PARKERSBURG - The new Clear Air Standards will save lives in the long run, said an Environmental Protection Agency spokesman after American Electric Power announced last week it would close three West Virginia coal-fired plants and partially close a plant in Beverly, Ohio.
''These long-overdue Clean Air Act standards will slash hazardous emissions of mercury and other acid gases, preventing thousands of asthma and heart attacks and premature deaths,'' said Roy Seneca, EPA Region 3 press officer. ''Utilities have known for decades that these standards which are still in the proposal stage and have a built-in three-year compliance timeline, have been coming for decades.''
The West Virginia plants to be closed by Dec. 31, 2014, are the Kammer Plant in Moundsville, the Kanawha River Plant in Glasgow and the Phillip Sporn Plant in New Haven. Also being mothballed are the Picway Plant in Lockbourne, Ohio, and the Glen Lyn Plant in Glen Lyn, Va. More than 240 jobs will be impacted.
The company also plans to retrofit and upgrade several other plants with new advanced emissions reduction equipment, including the Muskingum River Plant in Beverly, Ohio, where Units 1-4 will be retired by Dec. 31, 2014, and Unit 5 may be refueled with natural gas with a capacity of 510 MW by Dec. 31, 2014, depending on regulatory treatment in Ohio.

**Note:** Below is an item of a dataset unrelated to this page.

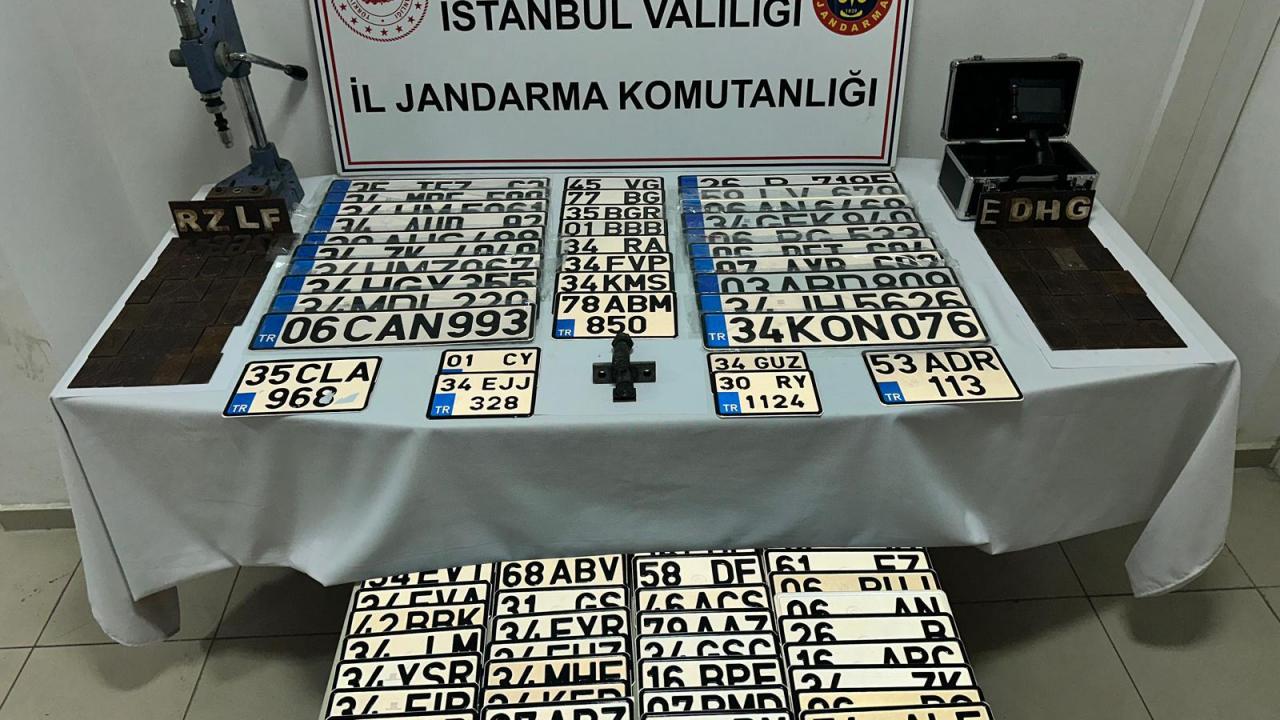 Son dakika haberi... İstanbul İl Jandarma Komutanlığı KOM Şube Müdürlüğü ekipleri ikiz plaka iddiaları üzerine başlatılan soruşturmada değeri 5 milyon TL olan 215 adet sahte araç plakası ele geçirdi.

Jobs losses will total 600 jobs, the company said.
Seneca said affected parties can approach the EPA over concerns about implementing the regulations.
''They also know that they are free to approach EPA with serious, fact-based compliance plans, and that state governments also have the ability under the law to seek more time for the plants in their jurisdictions,'' he said.
West Virginia's state and national leaders have already criticized the proposals as having a lasting negative impact on West Virginia's economy, especially the state's coal industry, and accusing EPA officials of not understanding the immediate impacts these closures will have on the state in job and tax revenue lost.
AEP generates nearly 66 percent of its energy using coal power. It is one of the largest electric utility companies in the United States, delivering electricity to 5 million customers in 11 states.
Coal generates 98 percent of the state's electricity.
Seneca said many of the new technologies will result in new jobs to implement them.
''The standards leverage existing American-made pollution control technologies that are already deployed at over half of the nation's coal and oil-fired power plants, and will result in thousands of jobs across the country as workers install the technologies at plants,'' he said.